[[ SUPPLIED ENTRIES open ]]

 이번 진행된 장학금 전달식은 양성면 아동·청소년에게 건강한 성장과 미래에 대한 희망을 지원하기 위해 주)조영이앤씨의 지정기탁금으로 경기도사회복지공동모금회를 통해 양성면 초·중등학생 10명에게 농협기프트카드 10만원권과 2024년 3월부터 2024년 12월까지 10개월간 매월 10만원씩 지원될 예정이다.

[[ SUPPLIED ENTRIES closed ]]
[[ SUPPLIED ENTRIES open ]]

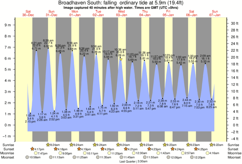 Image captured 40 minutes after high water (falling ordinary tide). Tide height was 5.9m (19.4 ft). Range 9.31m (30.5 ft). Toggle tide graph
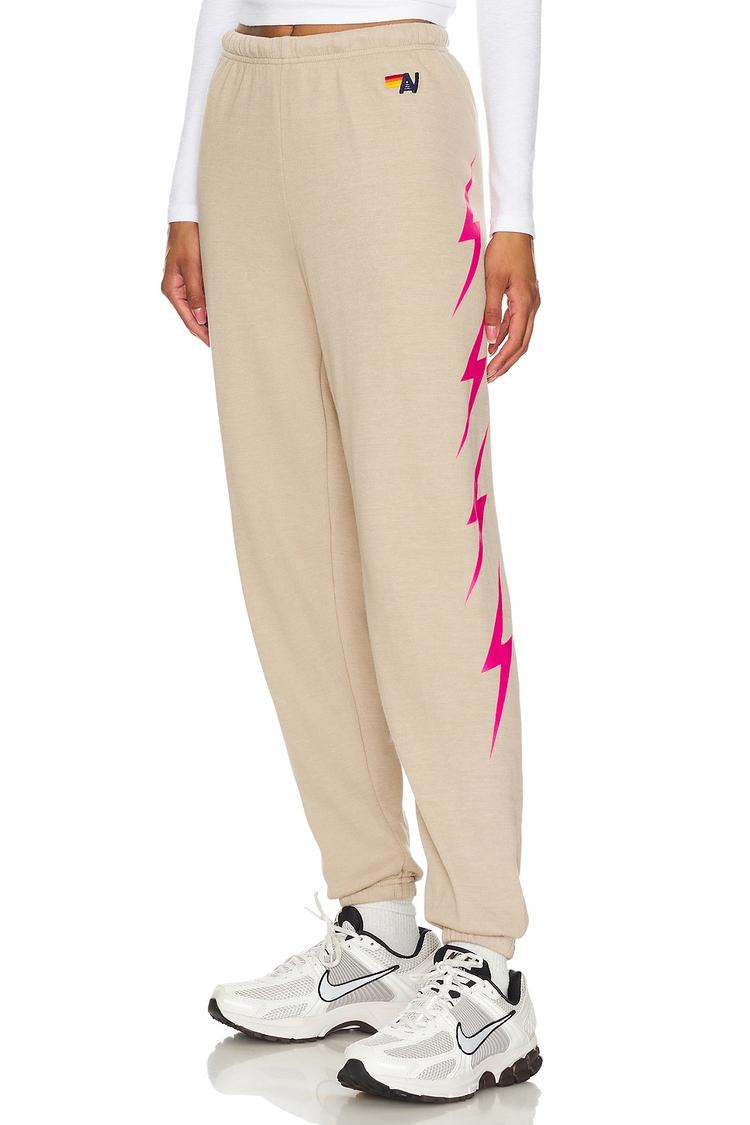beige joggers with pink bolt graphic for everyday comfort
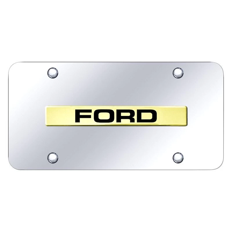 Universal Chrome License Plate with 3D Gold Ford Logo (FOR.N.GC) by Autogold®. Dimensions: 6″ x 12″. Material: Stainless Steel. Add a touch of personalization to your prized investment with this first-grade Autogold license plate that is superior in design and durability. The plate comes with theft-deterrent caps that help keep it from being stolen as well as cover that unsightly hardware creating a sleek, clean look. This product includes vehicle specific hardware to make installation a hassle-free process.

[[ SUPPLIED ENTRIES closed ]]
[[ SUPPLIED ENTRIES open ]]

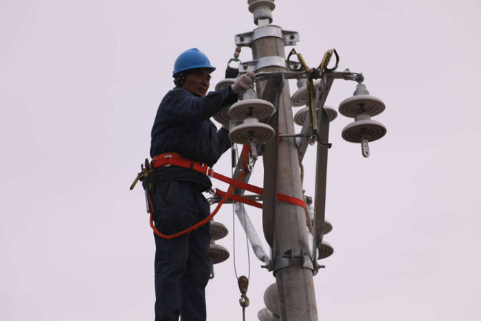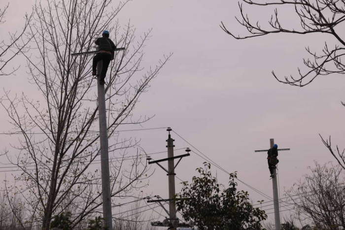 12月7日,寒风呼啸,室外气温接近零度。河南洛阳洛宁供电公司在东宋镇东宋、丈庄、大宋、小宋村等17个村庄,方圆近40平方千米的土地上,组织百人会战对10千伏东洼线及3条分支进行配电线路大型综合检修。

[[ SUPPLIED ENTRIES closed ]]

◆ WHAT IS BEING ASKED
Copy out exactly the lines above beginning with the line that contains "beige joggers with" and finishing with the line that contains "Universal Chrome License", including both; leave the pictures out.

◆ REPLY
beige joggers with pink bolt graphic for everyday comfort
 Universal Chrome License Plate with 3D Gold Ford Logo (FOR.N.GC) by Autogold®. Dimensions: 6″ x 12″. Material: Stainless Steel. Add a touch of personalization to your prized investment with this first-grade Autogold license plate that is superior in design and durability. The plate comes with theft-deterrent caps that help keep it from being stolen as well as cover that unsightly hardware creating a sleek, clean look. This product includes vehicle specific hardware to make installation a hassle-free process.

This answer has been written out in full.